Set down exactly the lines below, starting at the one that contains "I Bäckmanska parken" and ending at the one that contains "بعد ذلك، توجه", with both of those lines included and nothing else.

◇ ◇ ◇

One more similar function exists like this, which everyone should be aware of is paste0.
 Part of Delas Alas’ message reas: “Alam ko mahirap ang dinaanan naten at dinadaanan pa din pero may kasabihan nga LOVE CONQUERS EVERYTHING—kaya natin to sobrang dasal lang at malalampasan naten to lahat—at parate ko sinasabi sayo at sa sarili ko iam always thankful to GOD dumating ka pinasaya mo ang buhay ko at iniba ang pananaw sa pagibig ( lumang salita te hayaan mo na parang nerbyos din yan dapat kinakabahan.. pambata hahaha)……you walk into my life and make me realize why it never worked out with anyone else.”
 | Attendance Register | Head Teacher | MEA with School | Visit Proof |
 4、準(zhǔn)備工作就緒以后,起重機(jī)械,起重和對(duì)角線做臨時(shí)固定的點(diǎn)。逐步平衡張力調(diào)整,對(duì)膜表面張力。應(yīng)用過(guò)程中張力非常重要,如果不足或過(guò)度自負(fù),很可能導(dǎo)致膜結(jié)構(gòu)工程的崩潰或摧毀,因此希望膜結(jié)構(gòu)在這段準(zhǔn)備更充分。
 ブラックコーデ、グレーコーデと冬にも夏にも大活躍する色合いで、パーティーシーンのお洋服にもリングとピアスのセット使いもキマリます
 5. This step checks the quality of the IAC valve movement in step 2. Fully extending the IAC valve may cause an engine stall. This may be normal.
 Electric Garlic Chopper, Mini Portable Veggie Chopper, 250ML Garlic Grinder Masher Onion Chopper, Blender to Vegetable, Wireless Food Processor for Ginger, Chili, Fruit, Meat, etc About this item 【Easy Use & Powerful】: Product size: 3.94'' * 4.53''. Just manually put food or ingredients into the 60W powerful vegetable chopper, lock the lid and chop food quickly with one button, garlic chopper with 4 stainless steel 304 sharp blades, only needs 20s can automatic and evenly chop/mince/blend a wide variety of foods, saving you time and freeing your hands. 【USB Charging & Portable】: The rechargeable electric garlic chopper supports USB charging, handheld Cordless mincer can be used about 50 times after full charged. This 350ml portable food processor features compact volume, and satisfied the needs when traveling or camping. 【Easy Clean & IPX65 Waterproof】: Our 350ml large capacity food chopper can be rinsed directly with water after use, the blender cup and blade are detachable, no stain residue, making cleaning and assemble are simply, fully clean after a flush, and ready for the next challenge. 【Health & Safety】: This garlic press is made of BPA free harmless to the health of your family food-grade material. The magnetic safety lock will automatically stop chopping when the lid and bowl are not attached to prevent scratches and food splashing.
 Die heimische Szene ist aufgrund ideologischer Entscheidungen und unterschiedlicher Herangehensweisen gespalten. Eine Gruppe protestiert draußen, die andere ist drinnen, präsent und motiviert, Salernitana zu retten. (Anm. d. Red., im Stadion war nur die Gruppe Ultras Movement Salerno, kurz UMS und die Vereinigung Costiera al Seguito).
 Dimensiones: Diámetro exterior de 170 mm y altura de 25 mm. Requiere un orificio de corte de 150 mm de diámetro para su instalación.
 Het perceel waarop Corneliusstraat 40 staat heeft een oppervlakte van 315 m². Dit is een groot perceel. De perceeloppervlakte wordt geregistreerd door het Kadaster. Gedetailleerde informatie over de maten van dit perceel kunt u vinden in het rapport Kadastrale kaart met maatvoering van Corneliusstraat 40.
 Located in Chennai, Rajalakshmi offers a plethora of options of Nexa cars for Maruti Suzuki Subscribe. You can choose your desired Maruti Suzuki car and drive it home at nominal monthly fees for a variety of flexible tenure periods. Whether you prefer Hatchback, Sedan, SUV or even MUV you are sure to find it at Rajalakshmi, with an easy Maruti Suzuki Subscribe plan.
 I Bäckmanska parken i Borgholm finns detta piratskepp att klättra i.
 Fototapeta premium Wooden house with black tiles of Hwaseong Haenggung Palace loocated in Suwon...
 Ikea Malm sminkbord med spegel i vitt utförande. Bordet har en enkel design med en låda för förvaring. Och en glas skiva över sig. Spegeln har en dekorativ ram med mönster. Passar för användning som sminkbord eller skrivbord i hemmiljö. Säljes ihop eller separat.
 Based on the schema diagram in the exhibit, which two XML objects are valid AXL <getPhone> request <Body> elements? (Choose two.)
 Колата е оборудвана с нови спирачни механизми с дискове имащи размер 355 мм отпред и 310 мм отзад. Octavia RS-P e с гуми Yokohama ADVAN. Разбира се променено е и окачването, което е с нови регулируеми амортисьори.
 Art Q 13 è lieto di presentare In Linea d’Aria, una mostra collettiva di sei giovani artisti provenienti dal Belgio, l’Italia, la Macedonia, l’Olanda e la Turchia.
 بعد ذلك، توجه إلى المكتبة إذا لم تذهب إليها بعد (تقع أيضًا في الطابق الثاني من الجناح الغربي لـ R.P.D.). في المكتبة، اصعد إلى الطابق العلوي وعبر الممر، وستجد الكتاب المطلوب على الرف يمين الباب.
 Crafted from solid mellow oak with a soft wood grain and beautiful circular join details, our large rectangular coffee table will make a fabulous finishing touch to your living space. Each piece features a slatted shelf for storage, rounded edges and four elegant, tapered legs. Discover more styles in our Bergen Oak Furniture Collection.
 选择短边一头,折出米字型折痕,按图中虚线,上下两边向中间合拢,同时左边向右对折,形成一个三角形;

◇ ◇ ◇

Output of the exercise>
 I Bäckmanska parken i Borgholm finns detta piratskepp att klättra i.
 Fototapeta premium Wooden house with black tiles of Hwaseong Haenggung Palace loocated in Suwon...
 Ikea Malm sminkbord med spegel i vitt utförande. Bordet har en enkel design med en låda för förvaring. Och en glas skiva över sig. Spegeln har en dekorativ ram med mönster. Passar för användning som sminkbord eller skrivbord i hemmiljö. Säljes ihop eller separat.
 Based on the schema diagram in the exhibit, which two XML objects are valid AXL <getPhone> request <Body> elements? (Choose two.)
 Колата е оборудвана с нови спирачни механизми с дискове имащи размер 355 мм отпред и 310 мм отзад. Octavia RS-P e с гуми Yokohama ADVAN. Разбира се променено е и окачването, което е с нови регулируеми амортисьори.
 Art Q 13 è lieto di presentare In Linea d’Aria, una mostra collettiva di sei giovani artisti provenienti dal Belgio, l’Italia, la Macedonia, l’Olanda e la Turchia.
 بعد ذلك، توجه إلى المكتبة إذا لم تذهب إليها بعد (تقع أيضًا في الطابق الثاني من الجناح الغربي لـ R.P.D.). في المكتبة، اصعد إلى الطابق العلوي وعبر الممر، وستجد الكتاب المطلوب على الرف يمين الباب.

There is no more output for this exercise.